Modell für mehr Wachstum

Sonderwirtschaftszonen sollen Euro-Krisenländer retten

VonDietmar Neuerer

ExklusivGriechenland ist quasi pleite und auch andere Südländer liegen wirtschaftlich am Boden. Händeringend gesucht wird ein Wachstumsbringer. Welche Möglichkeit die internationalen Geldgeber haben, skizziert das DIW.

Auf einer Europafahne liegen Euro Münzen. dpa

Auf einer Europafahne liegen Euro Münzen.
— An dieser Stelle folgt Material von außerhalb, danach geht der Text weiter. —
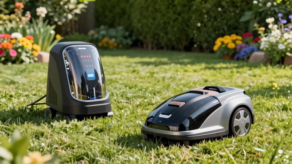 Choosing the right robotic lawn mower is like planting a seed that grows into a lush, effortless yard. I remember setting mine up on a rainy day, worried about weatherproofing, only to find it thriving, just like my garden’s resilience. With the right features and weatherproof charging stations, your mower can conquer any weather, making yard work feel more like a breeze than a chore. Trust me, investing in quality now pays off in a beautifully maintained lawn year-round.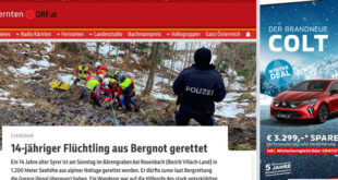 تم العثور على شاب سوري، يبلغ من العمر 14 عامًا، في حالة يرثى لها، يوم الأحد، في منطقة روزنباخ بولاية كارينثيا، وذلك بعد محاولته عبور الحدود النمساوية بشكل غير قانوني. ووفقًا لفريق البحث والإنقاذ، عثر متنزه (61 عامًا) على الشاب في الغابة، بالقرب من الحدود السلوفينية، بعد ظهر يوم الأحد، وكان يعاني من انخفاض حاد في حرارة الجسم، وبالكاد يستجيب، …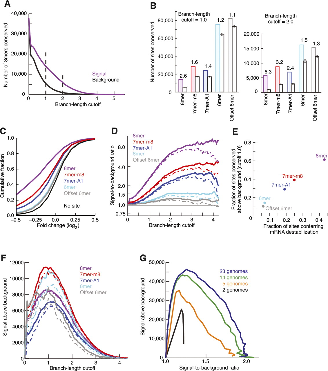Conservation of major seed-match types. (A) Conservation of 8mer sites for 87 broadly conserved miRNA families. High-sensitivity and high-specificity cutoffs are highlighted with broken lines at 1.0 and 2.0, respectively. (B) Conservation and background estimate for mutually exclusive site types at high sensitivity (left) and high specificity (right). The signal-to-background ratio is indicated above the pair of bars. Error bars indicate one standard deviation in the estimated background, based on subsampling of individual control k-mers. (C) Efficacy of offset 6mer sites. Microarray data monitoring mRNA destabilization following transfection of 11 miRNAs was analyzed as described previously (Grimson et al. 2007). Shown is the cumulative distribution of changes for transcripts containing exactly one offset 6mer site and no other canonical sites in their 3′UTR. For comparison, previously reported analyses of messages with single canonical sites are also shown (Grimson et al. 2007). (D) Signal-to-background ratio for indicated sites at increasing branch-length cutoff. Broken lines indicate 5% lower confidence limit (z-test). (E) Correlation of site conservation rate and experimental efficacy. Fraction of sites conserved above background was calculated as ([Signal – Background]/Signal) at a branch-length cutoff of 1.0. The minimal fraction of sites conferring destabilization was determined from the cumulative distributions (C), considering the maximal vertical displacement from the no-site distribution (correcting for the bumpiness of the distributions as described previously [Grimson et al. 2007]). (F) Estimates of signal above background for the major site types. Broken lines indicate 5% lower confidence limit (z-test). (G) Aggregate conservation above background for all major site types when using using subsets of genomes. To facilitate overlay of the plots, the X-axis is signal-to-background ratio rather than branch-length cutoff. The 14-genome subset represents the non-fish species originally available in the UCSC 17-way alignments. The five-genome subset contains human, mouse, rat, dog, and chicken, and the two-genome subset contains only human and mouse.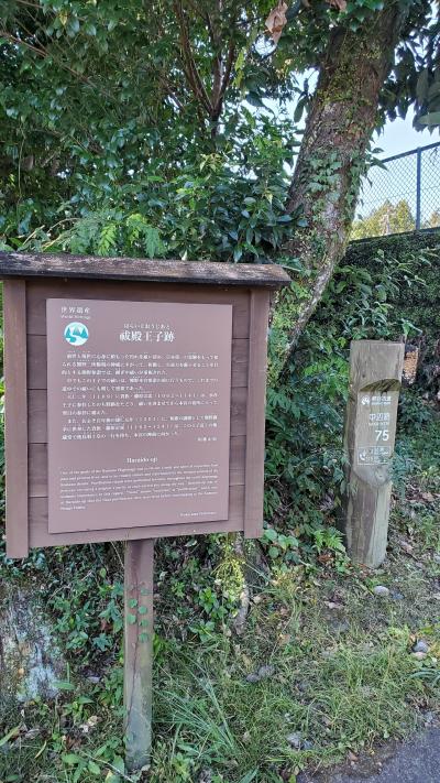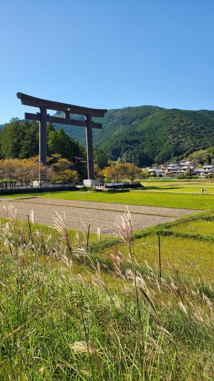 熊野本宮から歩いて5分の日本一の鳥居です。田んぼの真ん中にありました。看板によると、大鳥居が熊野古道のスタートの地であり、終着の地、であるそうです。かつてはこの地に社殿が大規模にあったそうで、いまはその名残(?)が残っています。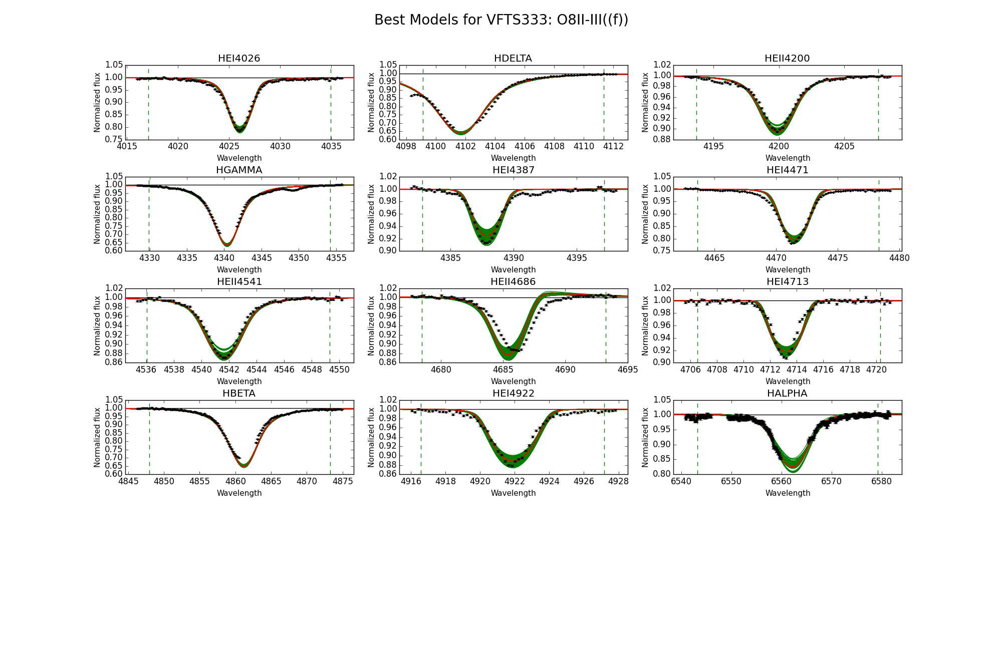 Observed spectra, the 95% probability models (green) and the best fit model (red) for VFTS 333 and 346. The vertical dashed lines indicate the wavelength range used to fit the corresponding diagnostic line.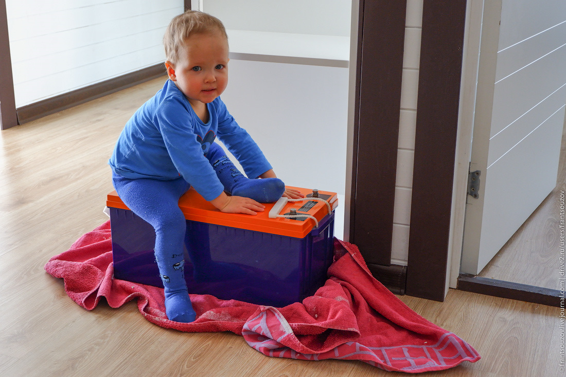 19. За прошедший год электричество отключали два раза, второй раз был две недели назад, случилась какая-то авария и обесточилось много населённых пунктов в Домодедовском районе. Ну а тут пару дней назад на Драйве увидел объявление о продаже гелевых аккумуляторов ёмкостью в 200Ач по ооочень вкусной цене… В общем, не удержался, и сегодня в два часа ночи с трудом затащил один домой (60 килограммов, как-никак, от машины пришлось тащить по снегу). Пока ещё не знаю, зачем он мне, но в хозяйстве точно пригодится. Тем более, в домике всегда определённо есть что делать!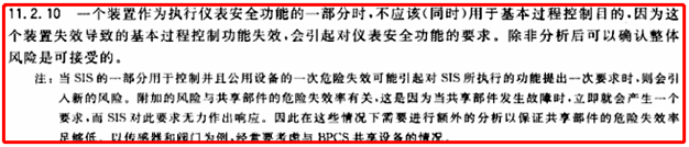 過程控制領(lǐng)域安全儀表系統(tǒng)的功能安全 第1部分框架、定義、系統(tǒng)、硬件和軟件要求:一個裝置作為執(zhí)行儀表安全功能的一部分時,不應(yīng)該(同時)用于基本過程控制目的,因為這個裝置失效導(dǎo)致的基本過程控制功能失效,會引起對儀表安全功能的要求,除非分析后可以確認(rèn)整體風(fēng)險是可接受的。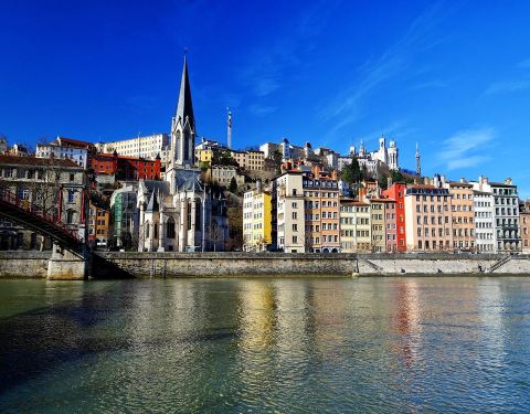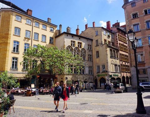 里昂老城位于索恩河的右岸,富维耶山脚下,古时是渔村,15世纪时成为世界上较大的丝织品产地之一,17世纪曾是法国的经济和文化中心。 漫步老城,穿越回中世纪 如今,这里仍然保存着许多15-17世纪的古旧建筑,许多中世纪、文艺复兴式及古典式的房屋彼此相连,街道由鹅卵石铺设,走在其中,仿佛回到了中世纪。 街旁精品店、手工艺店、餐馆、咖啡馆林立,在逛街的同时别忘了抬头看一眼街边的建筑,五颜六色的小房子十分明快,怪兽状的排水口、刻在窗棂上奇形怪状的石雕装饰都赋予了老城区别样的魅力。 主要景点推荐 圣让首席大教堂 游览里昂老城,不妨从索恩河畔的圣让首席大教堂开始,教堂的正立面呈华丽的尖顶哥特式风格,入口处装饰有280块四方形的华丽浮雕。位于教堂北翼的天文钟每逢正午12:00、14:00、16:00都会鸣钟报时,届时钟内的小人们出来“亮相”。 国际微缩电影艺术博物馆 位于离大教堂不远的圣·让大街上,这间小而精致的博物馆里各式各样来自世界各地的微缩电影场景,置身其中,恍如步入小人国,十分有趣。 里昂城市和木偶博物馆 位于老城北部的里昂城市和木偶博物馆也很有人气,这里完整地收集了世界各地的木偶,参观后可以在博物馆花园内小憩一下,喝杯咖啡,感受一下这个有着悠久历史的城市。 创意市场和艺术市场 若恰逢周日,你还可以去木偶博物馆东边的创意市场和艺术市场逛一逛(Marché de la création et Marché artisanal),周日早上的6:00-13:00,里昂的艺术家们会汇集在这里,出售自己的作品,画作、雕塑、手工艺品等琳琅满目,有中意的就把它带回家吧。 富维耶山 这座山是里昂的摇篮,也是里昂基督教的发源地。山间有小路蜿蜒向上,但较省力气的还是乘坐索道上山,出发点在Edouars Commette广场。这座基督教发源地的“祈祷之山”上有建于19世纪的巴洛克风格的富维耶圣母院,还有里昂高卢罗马剧院遗址和里昂高卢罗马博物馆。山顶的梯田是俯瞰城市全景的好地点,在这里你还可以看到汇集在两条河流中间的半岛区,晚上也是个赏夜景的好地方。 特色餐饮 在老城区也有不少地道的里昂传统餐馆(Bouchon)。里昂的传统菜以猪肉为主,大约30欧左右就能吃一顿非常正宗的里昂菜,包括里昂色拉(Salade Lyonnaise)、猪肉香肠(Saucisson)、猪下水(Andouillettes Tripes)等。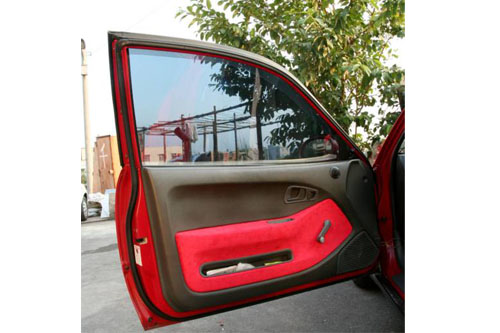 | 之後就可開始布料剪裁與黏貼的動作。這次使用的新布料為筆者在永樂市場二樓所購買到的紅色麂皮,售價一碼為360元,一般四門房車買個兩碼就夠用了。 |
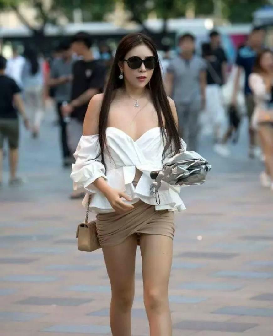 白色的下落式抹胸裙搭配上条纹褶皱短裙,这突显了前卫潮流的穿搭,也将身材优势展现出来,给人满满的性感

BerlinUm die Talfahrt in Krisenländern wie Spanien, Italien, Portugal und Griechenland zu stoppen, schlägt das Deutsche Institut für Wirtschaftsforschung (DIW) die Einrichtung von Sonderwirtschaftszonen vor. „Zwar hat der Beschluss der Europäischen Zentralbank, am Kapitalmarkt bei Bedarf die Wertpapiere von Defizitländern notfalls aufzukaufen, für eine gewisse Entspannung gesorgt. Allerdings ist die Konsolidierungspolitik noch durch weitere Maßnahmen zu flankieren, um ihren Erfolg zu sichern“, sagte der Leiter der Abteilung Makroökonomie am DIW, Christian Dreger, Handelsblatt Online. „Dazu gehören wachstumsstimulierende Programme in den Südländern, beispielsweise die Einrichtung von Sonderwirtschaftszonen.“ Auch die anstehende Umstrukturierung des EU-Haushalts könne unterstützend wirken, fügte Dreger hinzu. „Dabei ist jedoch eine kritischere Evaluierung wachstumsfördernder Programmen erforderlich.“

Dreger sieht die Politik in der Pflicht, rasch zu handeln, da die Schuldenkrise im Euroraum „noch längst nicht überwunden“ sei. „Insbesondere die Südländer stecken in einer tiefen Rezession, die durch ihre Konsolidierungsanstrengungen kurzfristig verschärft wird“, sagte der DIW-Ökonom.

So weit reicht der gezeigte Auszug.